I intend a long post updating my legions of fans about all the … all the stuff … that’s been going on.  But weird writer-Josh feels the need to do it as a careful and literate essay of a post.  He reminds the reader that such allusions to a post that doesn’t, in fact, yet exist are no substitute for the real thing and therefore will not get the author (indolent goof-off that he is) off the proverbial hook — but he will follow through on this.  In time.  But short time.

I hardly believe; finally the shades are raised.

140s really are horrible

Thu, 24 Dec 2009 14:59:07 +0000

I just tweeted (ugh these words) that anyone who knows me only by my tiny, strident snark feed on Twitter doesn’t have a very good grasp of me at all.  I’m more strident here than I am in real life, but I can be longer-form, and have more discussion and modifiers.  So if you landed here from Twitter — welcome.  And if you care to look around — also, welcome.

Whatever, if anything, you are celebrating in these weeks — please do so with love, warmth, peace, joy, tolerance (or at least privacy), and safety, and build the memories of which our lives should be made.

Loves to all.

I don’t think they’re at all mutually-exclusive

Wed, 09 Dec 2009 22:39:13 +0000

Yes, I can be a real dick.  But comments by others suggest that I’m a dick at times when I’m wholly unaware of it.  Upon much reflection, here are the most likely contributing effects:

When I’m a dick by completely and callously trampling everything you believe and hold dear:  That’s largely the False Consensus Effect.  When I just charge through, assuming that the reader agrees that Fox News is unbalanced and unfair, religion in society can do great harm, Bush Ⅱ was a terrible president, evolution is a fact to the exact degree that gravitation is a fact, etc., and don’t substantiate my claims, this is frequently what’s at work.  In doing this, I am being inappropriately and inconsiderately inclusive.

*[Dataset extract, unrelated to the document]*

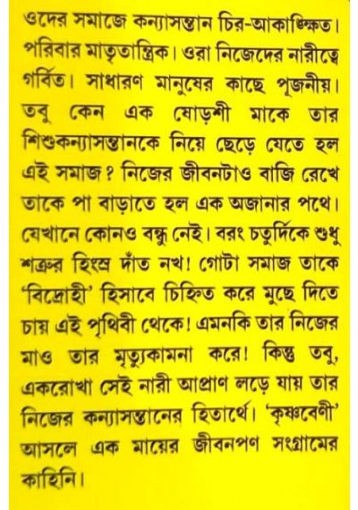 টাও বাজি রেখে তকে পা বাড়াতে হল এক অজানার পথে? যেখানে কোনো বন্ধু নেই। বরং চতুর্দিকে শুধু শত্রুর হিংস্র দাঁত-নখ। 'কৃষ্ণবেণী' আসলে এক মায়ের জীবনপণ সংগ্রামের কাহিনি।

When I’m a dick by apparently showing off or talking over your head:  That’s the Dunning-Kruger Effect.  There’s no humility in claiming that effect, because there is no reason to pretend to be humble: I do have a greater understanding of science, technology, logic, and mathematics than most other people, and I let them color my worldview more than does almost anyone [insert clever response about Dunning-Kruger and believing myself to have great understanding.]  It’s been pointed out to me that I throw around terms like “order of magnitude”, “factor”, “signal-to-noise ratio”, “imprecise”, “given”, “established”, and so many others; I mention things by initialisms; I reference things in passing that will require a Google search to unravel.  Most of the time, I’m honestly not trying to be a dick.  In doing this, I am being — ready? — inappropriately and inconsiderately inclusive.  The worst part about this one is that when I try explain more carefully, I frequently explain entirely the wrong things, which makes me seem both a dick and patronizing.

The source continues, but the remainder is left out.